Volledige recensie door Dave Coward
Een briefje van Geoff...
Nogmaals, Dave heeft met zijn gebruikelijke ongelooflijke snelheid gewerkt en nog steeds een uitstekende kwaliteit behouden, wat wordt gedemonstreerd in de paar proeffoto's die volgen waarop zijn voltooide project te zien is. Een van je beste Dave tot nu toe naar mijn mening - echt uitzonderlijke verwering en verf - gefeliciteerd met een verbluffend resultaat!
Achtergrond
De Vought F4U Corsair is een Amerikaans jachtvliegtuig dat voornamelijk dienst deed in de Tweede Wereldoorlog en de Koreaanse Oorlog. De vraag naar het vliegtuig overweldigde al snel de productiecapaciteit van Vought, wat resulteerde in de productie door Goodyear en Brewster: de door Goodyear gebouwde Corsairs werden aangeduid als FG en het door Brewster gebouwde vliegtuig F3A. Vanaf de eerste levering van het prototype aan de Amerikaanse marine in 1940 tot de uiteindelijke levering in 1953 aan de Fransen, werden 12,571 F4U Corsairs vervaardigd, in 16 afzonderlijke modellen, in de langste productiereeks van een zuigermotor in de geschiedenis van de VS (1942-53). ).

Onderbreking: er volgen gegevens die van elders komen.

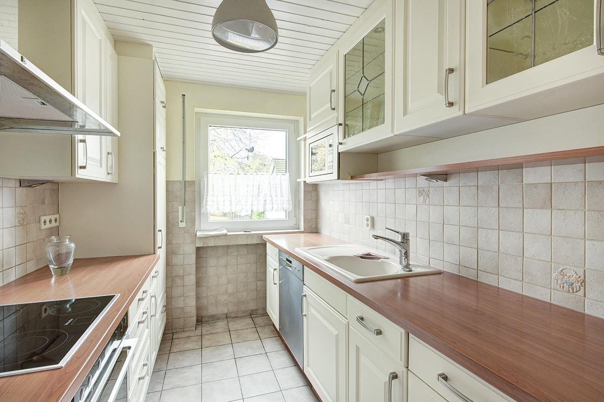 Zum Angebot gehört die vorhandene Einbauküche mit Elektrogeräten sowie die vorhandene Sauna im Untergeschoss.
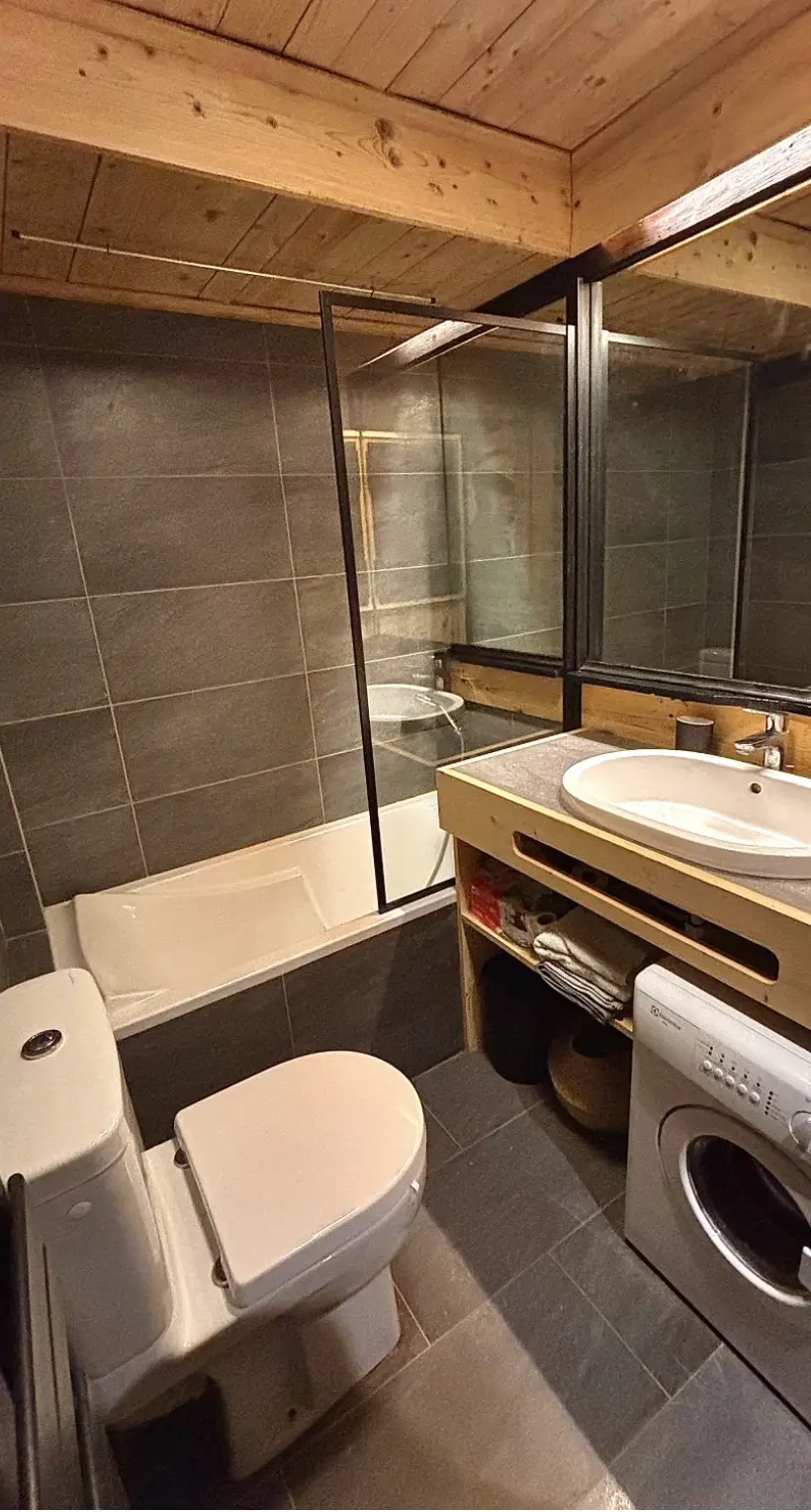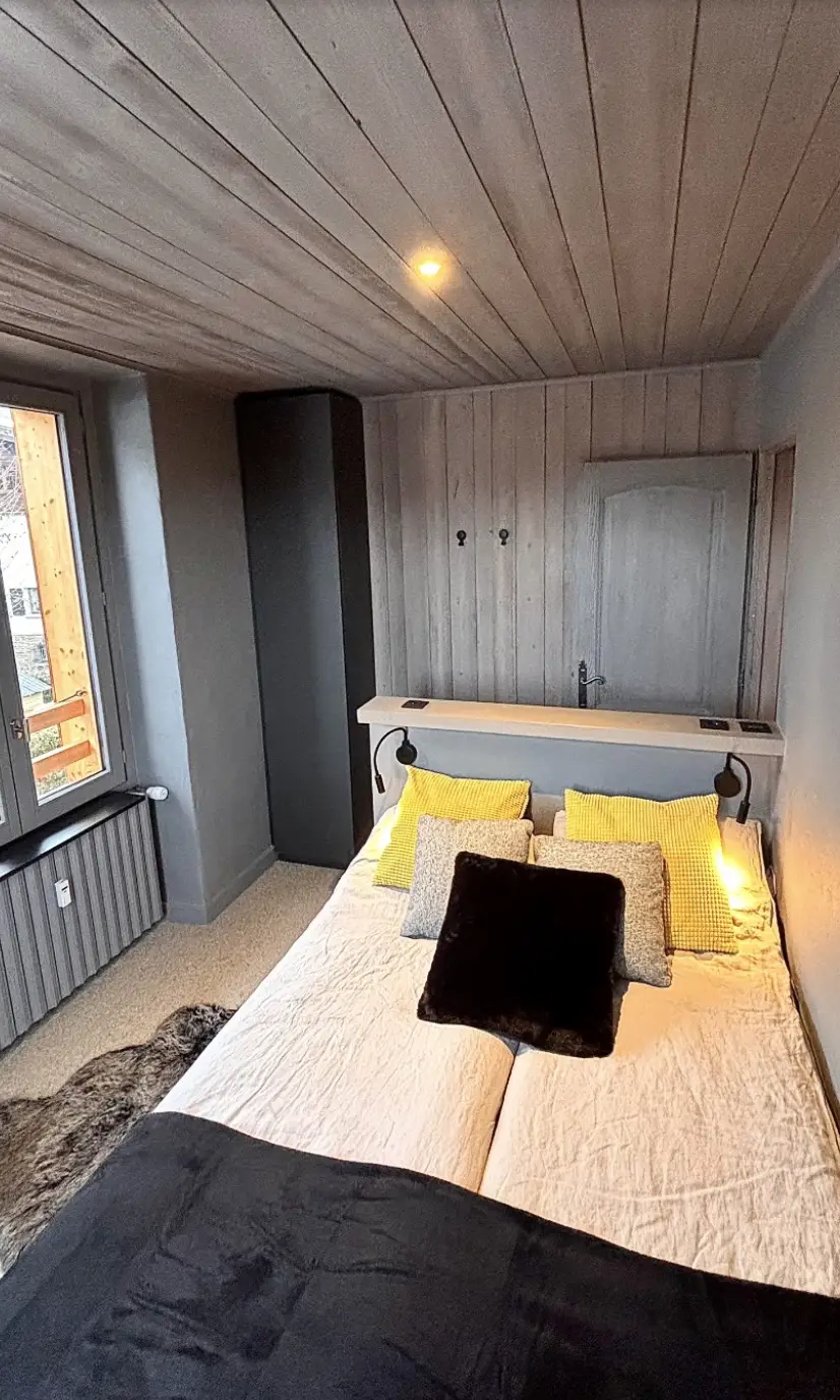L’appartement offre une chambre confortable ainsi qu’une chambre-cabine double, et dévoile un agréable espace de vie réunissant salon et salle à manger dans une atmosphère chaleureuse et contemporaine. Le séjour se prolonge par un balcon dominant les toits du village, avec une vue ouverte sur le Val d’Arly.

De Corsair is ontworpen als een op een carrier gebaseerd vliegtuig, maar de moeilijke landingsprestaties van de carrier maakten het ongeschikt voor gebruik door de marine totdat de problemen met het landen van de carrier werden opgelost door de Royal Navy Fleet Air Arm. De Corsair kreeg zo een prominente plaats in het gebied waar het het meest werd ingezet: het gebruik op het land door de Amerikaanse mariniers. De rol van de dominante Amerikaanse jager op vliegdekschepen in het tweede deel van de oorlog werd dus vervuld door de Grumman F6F Hellcat, aangedreven door dezelfde Double Wasp-motor die voor het eerst werd gevlogen op het eerste prototype van de Corsair in 1940. De Corsair diende in mindere mate in de Amerikaanse marine. Naast het gebruik door de VS en de Britten, werd de Corsair tot de jaren zestig ook gebruikt door de Royal New Zealand Air Force, de French Naval Aviation en andere, kleinere luchtmachten. Sommige Japanse piloten beschouwden het als de meest formidabele Amerikaanse jager van de Tweede Wereldoorlog, en de Amerikaanse marine telde een kill-ratio van 1960:11 met de F1U Corsair.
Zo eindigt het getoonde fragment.